Extracted data entries
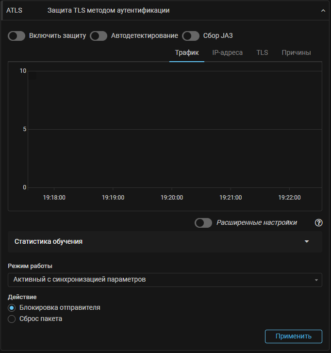 В момент включения контрмеры формируется выборка JA3-отпечатков атаки.
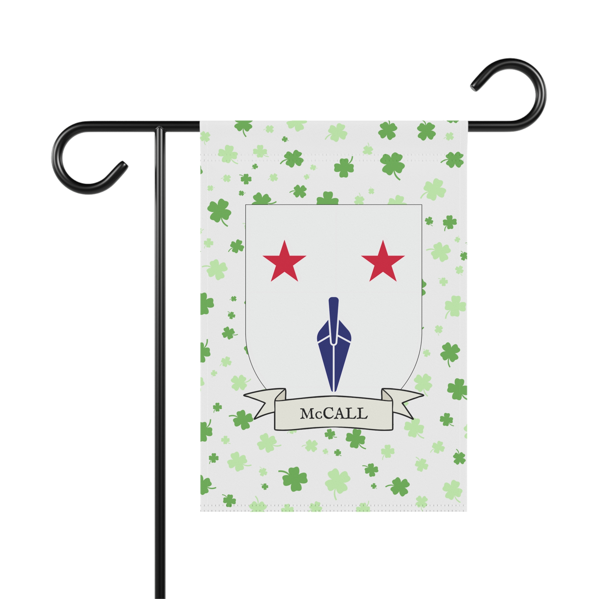 This welcoming Garden Banner will be a great addition to your garden or yard. It displays the McCall Family Coat of Arms over a subtle background showing a field of four-leaf shamrocks. Both sides show identical images.
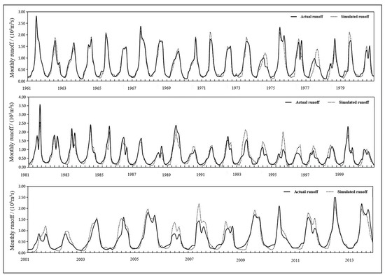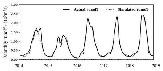 The model has a rate period of 1961–2013 and a validation period of 2014–2019. The deviation between the simulated values and the actual surface runoff observation data in the calibration periods and validation was controlled within ±20%.
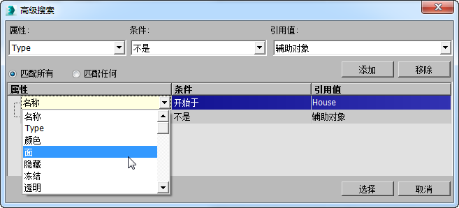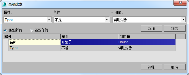 例如,如果要仅显示辅助对象以外的名称以“House”开始的对象,可以执行如下的搜索:
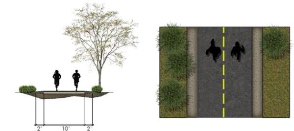 Typical pavement cross sections for an asphalt multi-use trail should consist of the following:
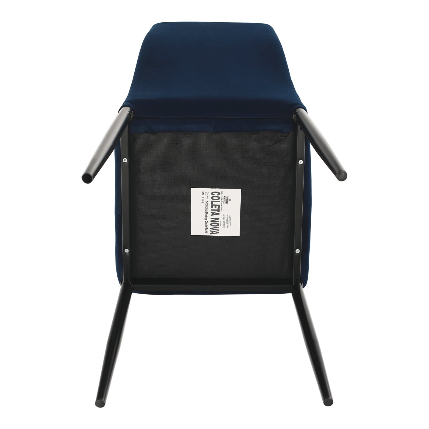 Jídelní židle COLETA NOVA v barevném provedení modrá velvet látka / černé kovové nohy. Oděruodolnost textilie podle testu Martindale: 85 000 oděrek Rozměry (ŠxHxV): 41x49x96 cm Hloubka sedu: 39 cm Výška sezení: 45 cm Šířka sezení: 41 cm Nosnost: 90 kg Dodávané v demontu.

■ Activity
Return the records above exactly as written, but without any of the pictures.

■ Exercise output
 В момент включения контрмеры формируется выборка JA3-отпечатков атаки.
 This welcoming Garden Banner will be a great addition to your garden or yard. It displays the McCall Family Coat of Arms over a subtle background showing a field of four-leaf shamrocks. Both sides show identical images.
 The model has a rate period of 1961–2013 and a validation period of 2014–2019. The deviation between the simulated values and the actual surface runoff observation data in the calibration periods and validation was controlled within ±20%.
 例如,如果要仅显示辅助对象以外的名称以“House”开始的对象,可以执行如下的搜索:
 Typical pavement cross sections for an asphalt multi-use trail should consist of the following:
 Jídelní židle COLETA NOVA v barevném provedení modrá velvet látka / černé kovové nohy. Oděruodolnost textilie podle testu Martindale: 85 000 oděrek Rozměry (ŠxHxV): 41x49x96 cm Hloubka sedu: 39 cm Výška sezení: 45 cm Šířka sezení: 41 cm Nosnost: 90 kg Dodávané v demontu.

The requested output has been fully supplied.